Highlights and Ecosystem:

  • 2023 US LLVM Dev Meeting Oct 10th to 12th [Program].

MLIR Commits Past Two Weeks:

  • Nicholas V. added a minimal set of utils that allow implementing a simple transform dialect interpreter pass. [The Diff].

  • Matthias S. extended bufferization.materialize_in_destination to support memref destinations. This op can now be used to indicate that a tensor computation should materialize in a given buffer (that may have been allocated by another component/runtime). The op still participates in “empty tensor elimination”. This change also clarifies the meaning of the restrict unit attribute on bufferization.to_tensor ops.[The Diff].

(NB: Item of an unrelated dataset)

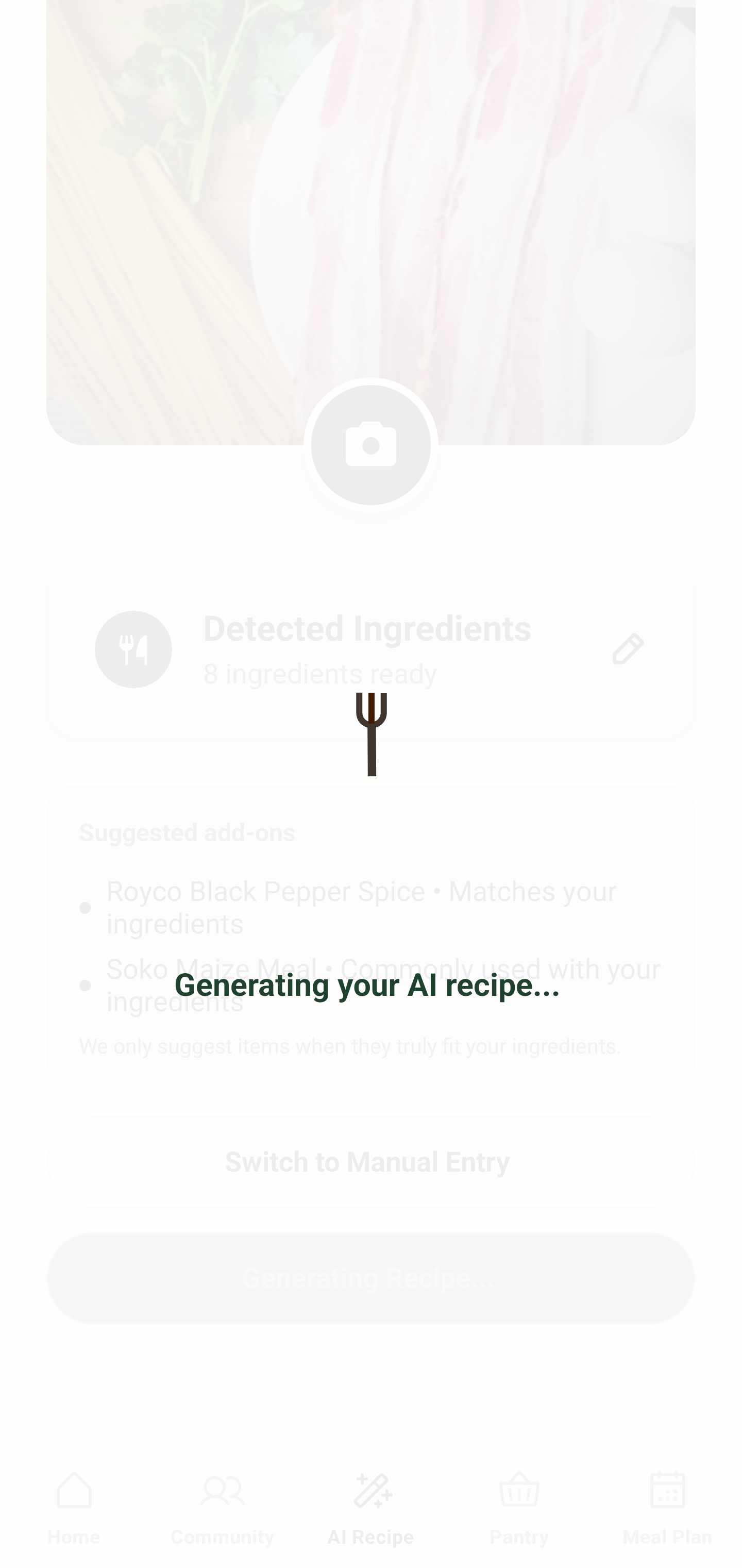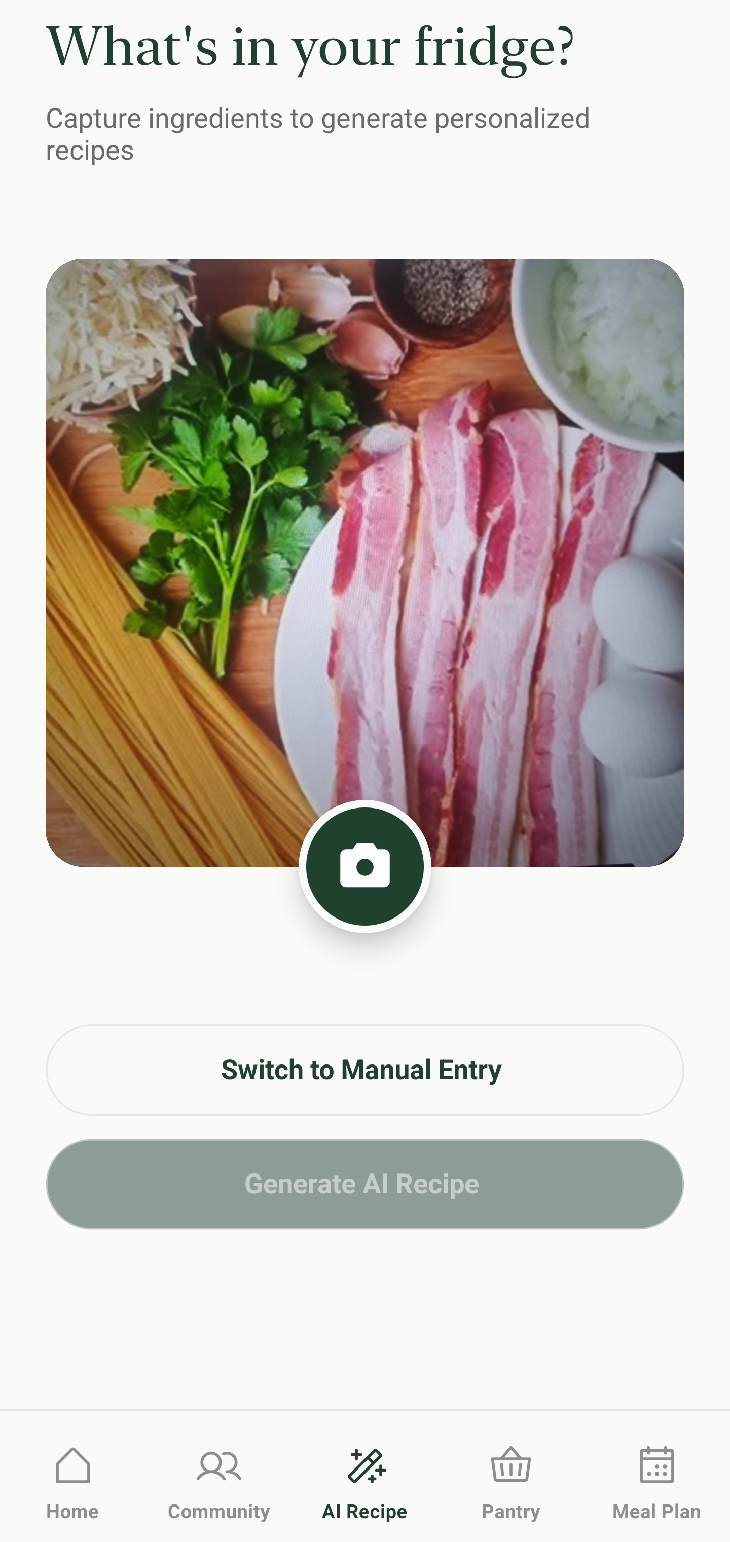 Your smart kitchen companion that gives you recipe recommendations. Snap photos of your ingredients and get instant AI-powered recipes based on what you have.

  • Speed up FuncToLLVM using a SymbolTable [The Diff]. “We have a project where this saves 23% of the compilation time. This means using hashmaps instead of searching in linked lists.”

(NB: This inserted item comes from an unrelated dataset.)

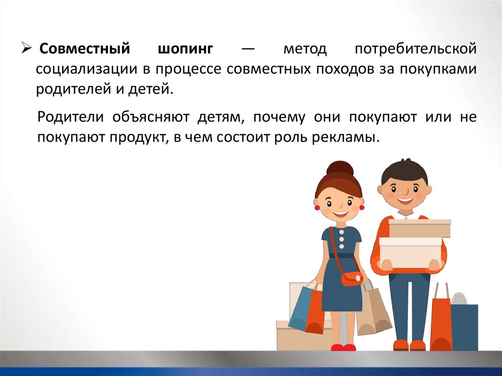 Методы потребительской социализации в семье:Инструментальный тренинг — это непосредственное
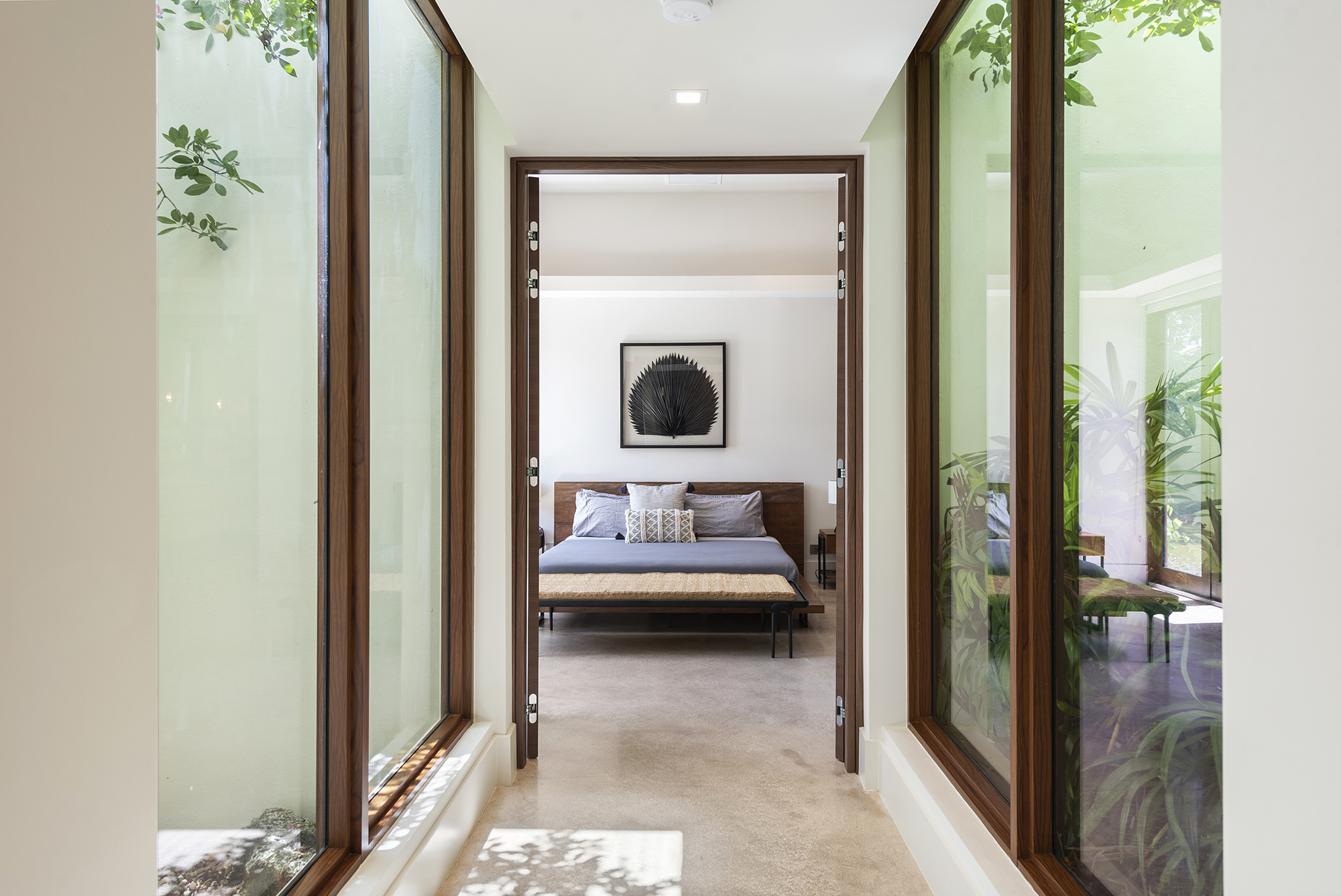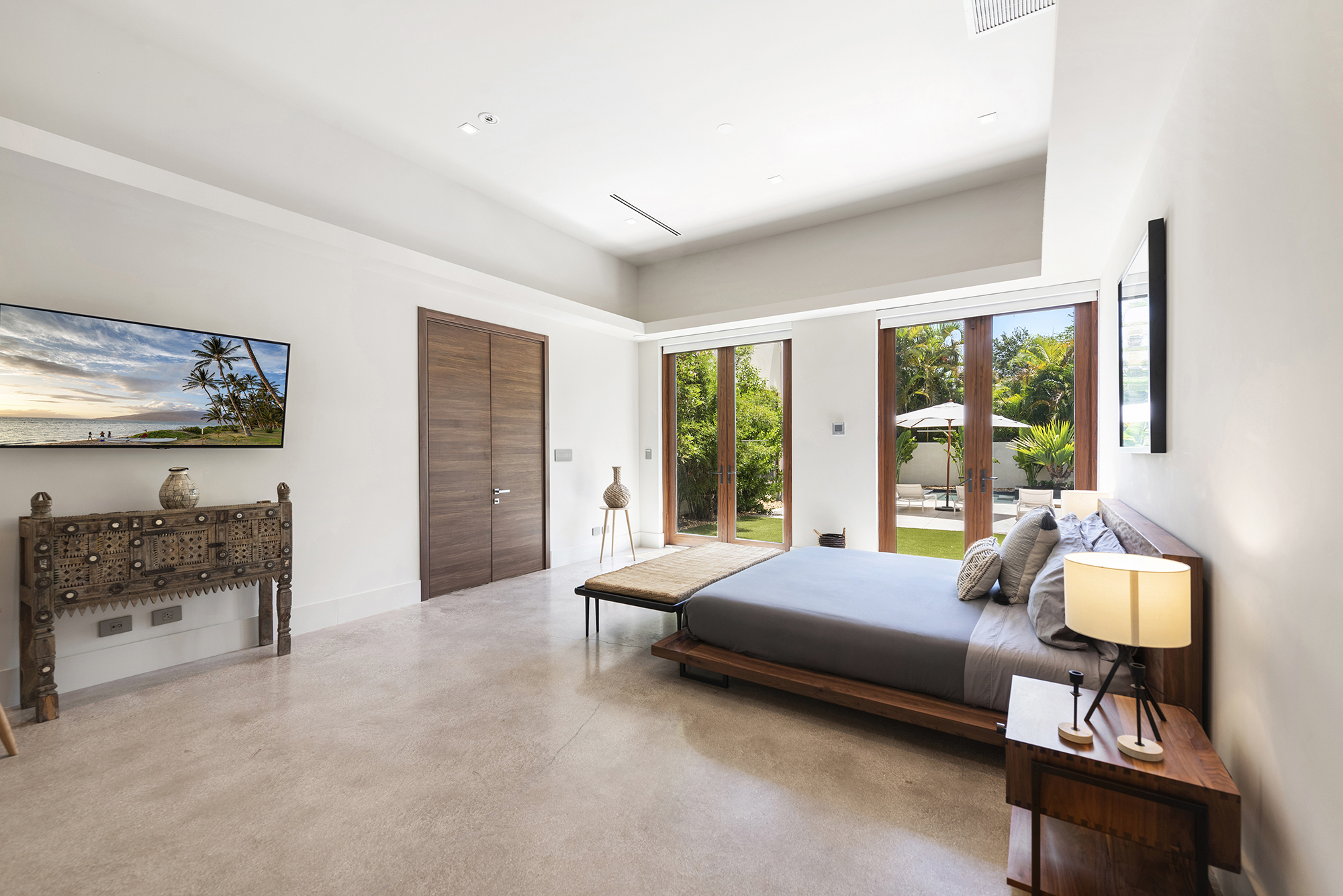 This single-level villa includes six bedrooms, each with direct access to a patio or terrace. The primary suite, overlooking the pool, features a king bed and a spacious ensuite bathroom. The bedroom configuration is well-suited for families, business travelers, and groups of friends seeking privacy and comfort while remaining close to Miami’s many attractions.

  • Banjamin added support for lowering vector.insert/extract of tile slices or elements to ArmSME MOVA intrinsics.[The Diff].

  • Mehdi improved MLIR Attribute::get() method efficiency by reducing the amount of argument copies (#68067) This ensures that the proper std::forward/std::move are involved, we go from 6 copy-constructions to 0 (!) on Attribute creation in release builds.[The Diff].

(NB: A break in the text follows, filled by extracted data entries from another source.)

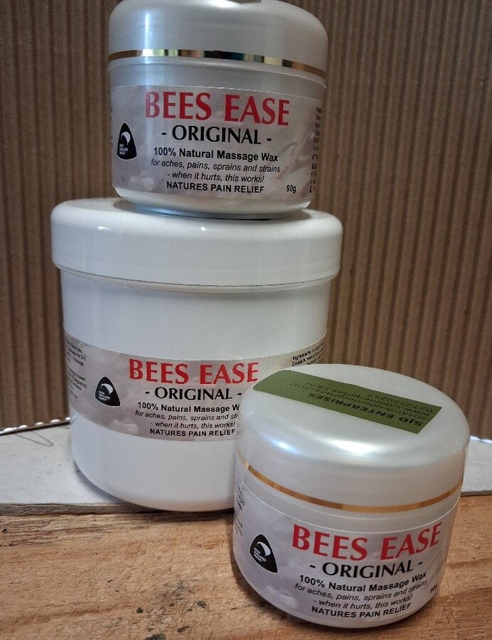 Duzz-All Bees Ease is a 100 percent natural blend of essential oils, that were specially selected to reduce pain, inflammation, swelling, stiffness, help stimulate circulation, helping to promote healing. Suitable for arthritis, back pain, neck and shoulder pain, tendonitis, cramp or injuries. New Zealand made. Available in two sizes, 90gm and 500gm (600ML POT)
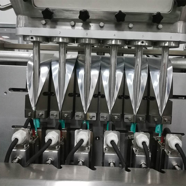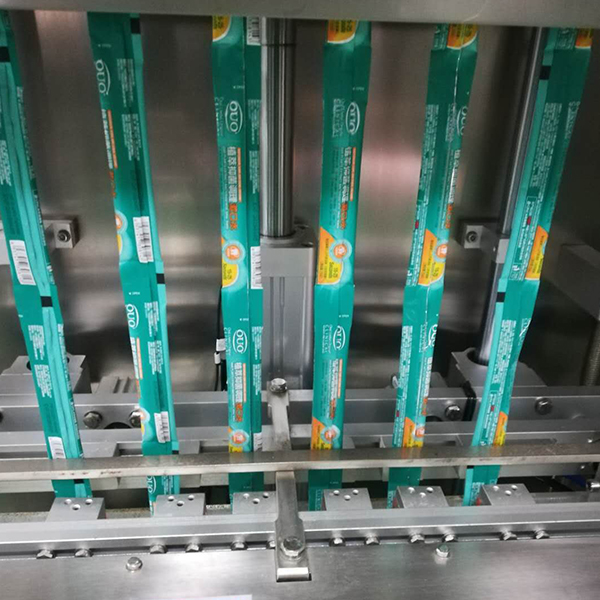 多列粉末包裝機(jī)是專門用來包裝條狀粉末類型物料的,采用螺桿計(jì)量裝置自動(dòng)進(jìn)行物料的計(jì)量,每一列數(shù)對(duì)應(yīng)一個(gè)螺桿計(jì)量裝置,也就是說10列粉末包裝機(jī)就有10個(gè)螺桿計(jì)量機(jī)。另外這臺(tái)多列咖啡粉包裝機(jī)還配置了一個(gè)吸塵器,一般情況下多列機(jī)包裝粉末的時(shí)候,在下料的過程中會(huì)有揚(yáng)塵的現(xiàn)象,不除去揚(yáng)塵,會(huì)導(dǎo)致封口不密封,封口不美觀,這個(gè)吸塵器的作用就是把揚(yáng)塵吸掉,保證密封性,增加封口的美觀度。
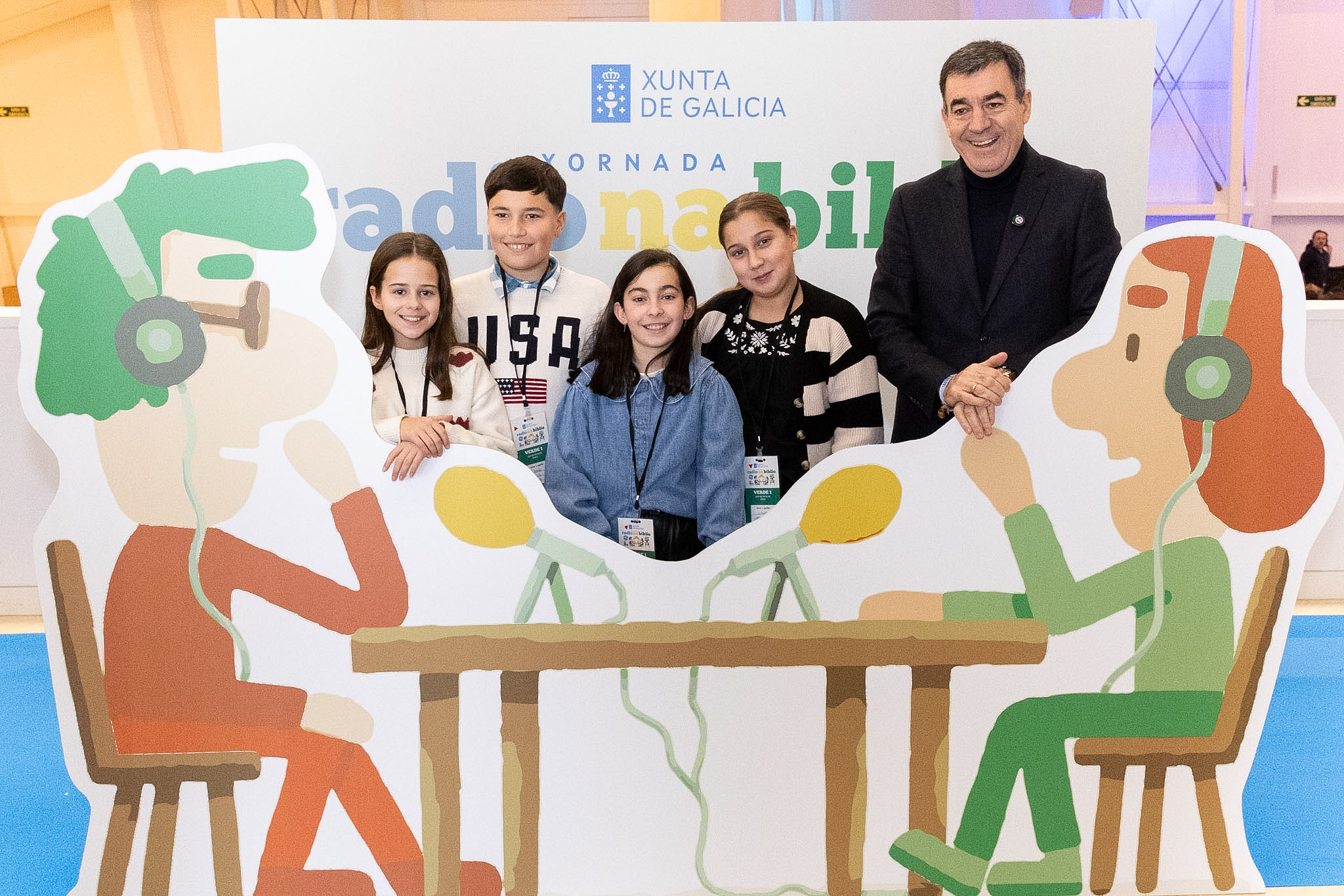 El conselleiro de Educación, Ciencia, Universidades e FP, Román Rodríguez, participó esta mañana en el primer encuentro de centros participantes en el programa Radio na biblio, impulsado por el departamento educativo de la Xunta de Galicia. La jornada reúne hoy en la Cidade da Cultura a 650 escolares de 5º y 6º de Primaria y a docentes que participan en las emisoras de sus respectivos centros. El objetivo es poner en valor el trabajo del alumnado y del profesorado en este ámbito y destacar el papel de la radio como herramienta formativa.

  • Aart Bik, " [mlir][sparse][gpu] add CSC to libgen GPU sparsification using cuSparse (#67713) Add CSC, but also adds BSR as a future format. Coming soon!".

  • Krzysztof Drewniak, “AMDGPU] Add packed 8-bit float conversion ops and lowering. Define operations that wrap the gfx940’s new operations for converting between f32 and registers containing packed sets of four 8-bit floats. Define rocdl operations for the intrinsics and an AMDGPU dialect wrapper around them (to account for the fact that MLIR distinguishes the two float formats at the type level but that the LLVM IR does not)”. [The Diff].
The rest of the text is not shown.